Antidote For String Cheese
See: https://www.math.columbia.edu/~woit/wordpress/ and the piece entitled “Lost In Math”.
Relevant blurb:
“Her next interviewee is Frank Wilczek, who she finds in Tempe, Arizona. His take on string theory unification is rather negative:
“… it’s not clear what the theory is. It’s kind of miasma of ideas that hasn’t yet taken shape, and it’s too early to say whether it’s simple or not–or even if it’s right or not. Right now it definitely doesn’t appear simple.”
Asked about the argument that string theory could reproduce gravity, Wilczek responds:
“If your standards are low enough, yes. But I don’t think we should compromise on this idea of post-empirical physics. I think that’s appalling, really appalling… If there was any bit of experimental evidence that was decisive and in favor of the theory, you wouldn’t be hearing these arguments. You wouldn’t. Nobody would care. It’s just a fallback. It’s giving up and declaring victory.
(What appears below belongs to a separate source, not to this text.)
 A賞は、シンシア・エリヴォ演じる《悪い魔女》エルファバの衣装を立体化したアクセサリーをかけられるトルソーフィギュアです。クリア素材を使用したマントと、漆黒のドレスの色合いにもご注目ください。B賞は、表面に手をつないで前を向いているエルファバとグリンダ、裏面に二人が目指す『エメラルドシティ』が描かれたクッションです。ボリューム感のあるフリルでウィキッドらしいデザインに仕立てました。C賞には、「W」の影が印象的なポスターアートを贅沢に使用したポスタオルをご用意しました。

I don’t like that at all.”
The truth is that after over 4 decades of hype, string theory’s relevance to physics is still a pipe-dream. While it has played an interesting role in mathematics, there is no credible connection with the physical world. It requires a gross number of unobservable dimensions. It leads to the even more grotesque “multiverse” of 10⁵⁰⁰ different “universes”, each with different physics. It has never generated definitive predictions by which it could be critically tested. It cannot reproduce the Standard model. It cannot unify General Relativity and the Standard model.
So far, for over 4 decades it has only been hyped promises, and no delivery of the goods.